# usb 2.0 to hdmi adapter



## tony007 (Mar 23, 2008)

I need an adapter from my usb port on my computer to a hdmi socket on my tv I have been looking at one on this page of ebay usb2.0 to hdmi adapter | eBay the one for £23.69 would this do the trick. I want to stream films from my computer to my tv.:grin:


----------



## Masterchiefxx17 (Feb 27, 2010)

You would need something like this where it's a full adapter:

1080P HDTV USB 2.0 PC to HDMI HD Graphics Converter Video Adapter W/3.5mm Audio | eBay

But USB doesn't have any video output so I'm not sure how that is going to work.


----------



## tony007 (Mar 23, 2008)

The one you list is the same as the one I was looking at. I don't want to spend £23.69 if it don't work.

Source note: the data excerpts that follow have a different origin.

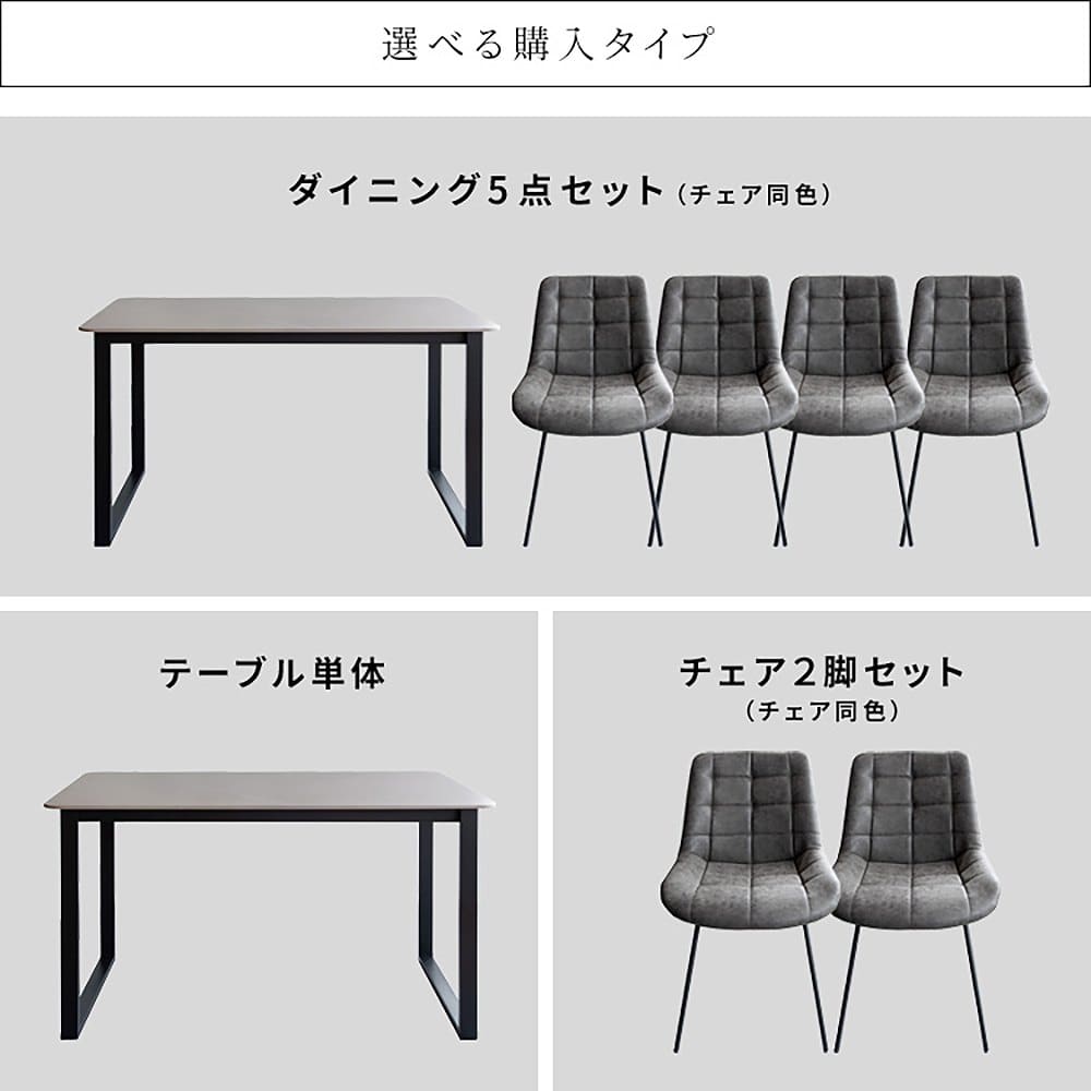 セラミック素材の大理石風天板のダイニングテーブルと、身体にフィットする形状でキルティングが施されたダイニングチェアのダイニングセット『Lement(レメント)』。 耐熱性や耐摩耗性に優れたセラミックは熱いお鍋やフライパンを直接置いたり、まな板なしで直接包丁でのカットができます。 お好みで選べるカラーはテーブルが鏡面仕上げのホワイトとグレー、マットなダークグレーの3カラー、チェアはPUレザータイプがホワイトとダークグレー、ベルベットがアイボリーとライトグレーの計4カラーをご用意。テーブルとチェア4脚の5点セット、テーブル単体、チェア2脚の販売がございます。
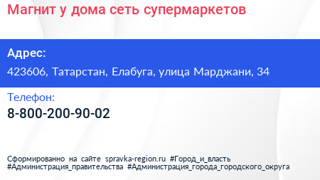 Магнит у дома, сеть супермаркетов по адресу 423606, Татарстан, Елабуга, улица Марджани, 34 в дальнейшем Организация, размещена в следующих категориях:
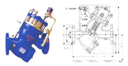 產(chǎn)品介紹 一、YQ98006型過濾活塞式電磁控制閥--產(chǎn)品概述: YQ98006型過濾活塞式電磁控制閥由主閥、電磁導(dǎo)閥、針閥、球閥、微形過濾器組成水力控制接管系統(tǒng);通過電磁導(dǎo)閥可以實現(xiàn)對閥門開啟和關(guān)閉的遙控,當(dāng)閥門從進(jìn)口端給水時,水流流過針閥進(jìn)入主閥上腔控制室,當(dāng)電磁導(dǎo)閥打開時,控制室內(nèi)的水經(jīng)電磁導(dǎo)閥、球閥流出。球閥開度大于針閥開度,主閥上腔控制室內(nèi)壓力變低,主閥處于全開狀態(tài);當(dāng)電磁導(dǎo)閥關(guān)閉時。 主閥上腔控制室的水不能流出,控制室升壓,推動活塞關(guān)閉主閥;本產(chǎn)品利用導(dǎo)閥控制閥門的開啟和關(guān)閉,反映準(zhǔn)確快速,采用三向電磁閥,維護(hù)簡單;安裝于各類給水系統(tǒng)的管道上。 二、YQ98006型過濾活塞式電磁控制閥--工作原理: 分隔膜型和活塞型兩類,主要部件有一個主閥及其附設(shè)的導(dǎo)管、導(dǎo)閥、針閥、球閥和壓力表等組成的。它利用上下游壓力差為動力,由導(dǎo)閥控制、使隔膜(活塞)上方控制室內(nèi)的壓力水被排到大氣或下游低壓區(qū)時,作用在閥盤底部和隔膜下方的壓力值就大于上方的壓力值,所以將主閥閥盤推到完全開啟的位置,當(dāng)進(jìn)入隔膜(活塞)上方控制室內(nèi)的壓力不能排到大氣或下游低區(qū)時,作用在隔膜(活塞)上方的壓力值就大于下方的壓力值,所以就會把主閥閥盤壓到完全關(guān)閉位置,當(dāng)隔膜(活塞)上方控制室內(nèi)的壓力值處于入口壓力與出口壓力中間時,主閥閥盤就處于調(diào)節(jié)狀態(tài)。 三、YQ98006型過濾活塞式電磁控制閥--技術(shù)參數(shù):

Can anyone tell me if it will.


----------



## tony007 (Mar 23, 2008)

What is the jack plug for?


----------



## Masterchiefxx17 (Feb 27, 2010)

I don't think it will work in general since USB does not output any video.


----------



## tony007 (Mar 23, 2008)

What are they selling it for then?


----------



## tony007 (Mar 23, 2008)

Also what is the jack plug for?


----------



## tony007 (Mar 23, 2008)

Just read a bit more about it.
USB2HDMI Extend your desktop with high resolution dual or multi display support,It provides you with the easiest and multiple device integration onto a PC or iMac or notebook using its HDMI connections.It is designed to add a HDMI port to any computer (Mac or PC) and has limitless applications in both consumer and commercial environments. From digital signage to home theater, the all new USB2-HDMI provides a simple solution for viewing content from a computer on any HDTV making it the perfect device for any consumer or commercial application. Set up is as simple as plug and play; convenient for any user, no matter the level of technical knowledge. Reading that I think it will work and I am going to buy it. I'll post back if it does'ent.


----------



## shawnpb (May 30, 2010)

The 3.5mm jack is for Audio to plug into the PC Audio input on your tv from the audio output from your pc.

What is the make and model of your PC? We will assist you with the best way to hook up your PC to your TV via Video.


----------



## tony007 (Mar 23, 2008)

logic L22FE12 or L24FE12 are the two model numbers on the front of the instruction manual.


----------